2. Experimental study of the YiZhi decoction rat serum on primary cultured neural cells induced by Aβ25-35:
The primary cultured fetal rat cortical neurons were growth for 8 days. The neurons were treated with aggregated Aβ25-35 with different concentration for 24h. The morphologic changes of fetal rat cortical neurons induced by Aβ25-35 were observed by light microscope. Using MTT assay detected the changes of vitality of cells and detected the leakage of LDH. And By using the same means, YiZhi decoction rat serum as a protective effect, we also detected the survival rate and the leakage of LDH in all groups of primary cultured fetal rat cortical neuron induced by Aβ25-35 and YiZhi decoction rat serum, to explore the protective effect of YiZhi decoction rat serum on damage induced by Aβ25-35.
Objectives:
1. YiZhi decoction can improve learning and memory capacity of the model mice:
The results of Y-type electric maze test showed that the number used to indicate learning ability increased and the number used to indicate memory ability decreased in model group as compared with normal group (P<0.01), while the number used to indicate learning ability decreased and the number used to indicate memory ability increased in YiZhi decoction group as compared with model group. The results of Lashley III water maze test showed that the numbers of entering to blind-ending and lengthened latency in model group were more and longer than those in normal group, but those in YiZhi decoction group were considerably fewer and shorter than those in model group. The two means indicate that APP695 transgenic mice has learning and memory deficit and coincide with AD clinical feature, YiZhi decoction can improve learning and memory capacity of the model mice.

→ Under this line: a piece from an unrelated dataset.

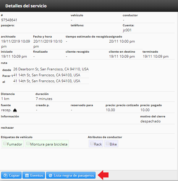 Es posible bloquear a un pasajero desde la Central de Despacho o desde el panel de administración.

2. YiZhi decoction can down-regulate the expressions of APP, Aβ1-40 and Aβ1-42 in APP695 transgenic mice:
The number of APP, Aβ1-40 and Aβ1-42 positive cell and the degree of staining by their antibody in the cortex and hippocampal CA1 in the model group were higher than those in the normal group, using Image analysis their integral optical density (IOD). The levels of APP, Aβ1-40 and Aβ1-42 expression in the cortex and hippocampal CA1 of the model group obviously increased as compared with the normal group(P<0.01). the expression level of APP, Aβ1-40 and Aβ1-42 in YiZhi dectaion group were significantly lower than those in the model group(P<0.05). The levels of Aβ1-42 in cerebrospinal fluid(CSF) of model group were significantly higher than that in the normal group and YiZhi decoction group by using ELISA assay kit((P<0.05). The results indicate YiZhi decoction can down-regulate the level of APP, Aβ1-40 and Aβ1-42 in APP695 transgenic mice.
3. YiZhi decotaion can relieve brain tissue morphological changes in APP695 transgenic mice:
By the light microscope the modality configuration of cells in the Cerebral cortex and hippocampal CA1 in the normal group were normal, the neurons had regular arrangement with clear edges and obvious nucleus. But in model group the neurons had irregular arrangement and the edge of many cells was unclear, and there were infiltration of inflammatory cells in blood vessel walls, some neurons were atrophied; and those changes in the YiZhi decoction group were better than those in the model group, YiZhi decoction could improve brain tissue morphological changes in APP695 transgenic mice.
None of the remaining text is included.